---------- Records for this task

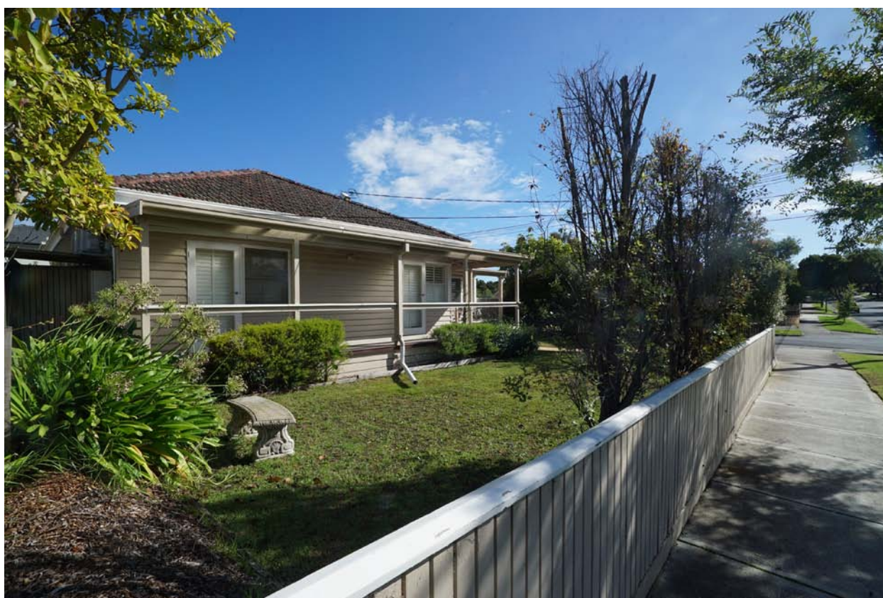
Figure 2: Photograph of temporary pipework at Mr Wilson's house
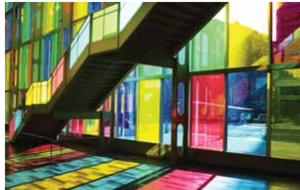
► Palais des congrès de Montréal

Montréal is a premier host city offering high-quality facilities and competitive costs for international meetings in North America. With the third-highest number of international meetings after New York and Washington, Greater Montréal offers a wide range of meeting facilities and accommodations. Located in the heart of the business district, the Palais des congrès de Montréal [convention centre], can accommodate major events of up to 30,000 people. It offers specialized and personalized support to organizations that are looking to hold international conventions or events in Montréal.
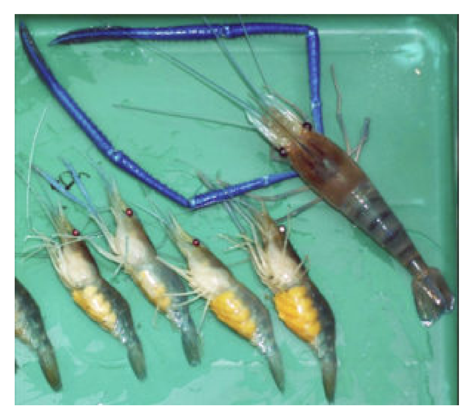
Macrobrachium rosenbergii males (right) grow faster and reach higher weights than females of the species, all-male culture improves harvests.
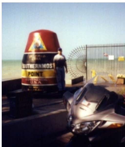
Larry Fitch, with Terry Brown's ST in foreground at the Southernmost Point

95 to Fort Pierce, where we exited and headed east on Route 70 to Okeechobee. For me, this was one of the best parts of the whole ride. The sun was rising behind us as we headed into the interior of Florida. Living on the coast as I do, I am always amazed at how different the
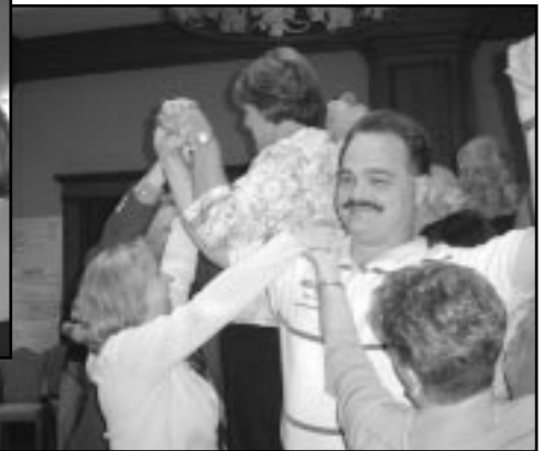
The Council participated in various team building activities during the planning
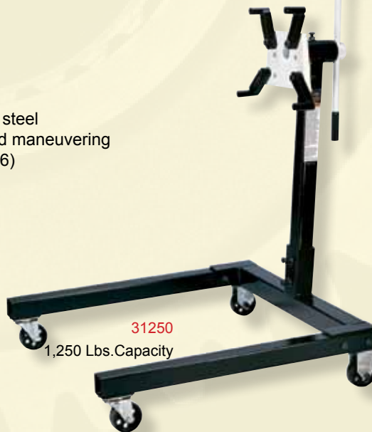
31250 1,250 Lbs.Capacity

SMOOTH ROTATION Heavy duty worm gear allows for smooth and effortless engine rotation

--------------------

• What is required:
In the records above, how many lines hold the string "Montréal"? Give the number only.

• Completed task:
2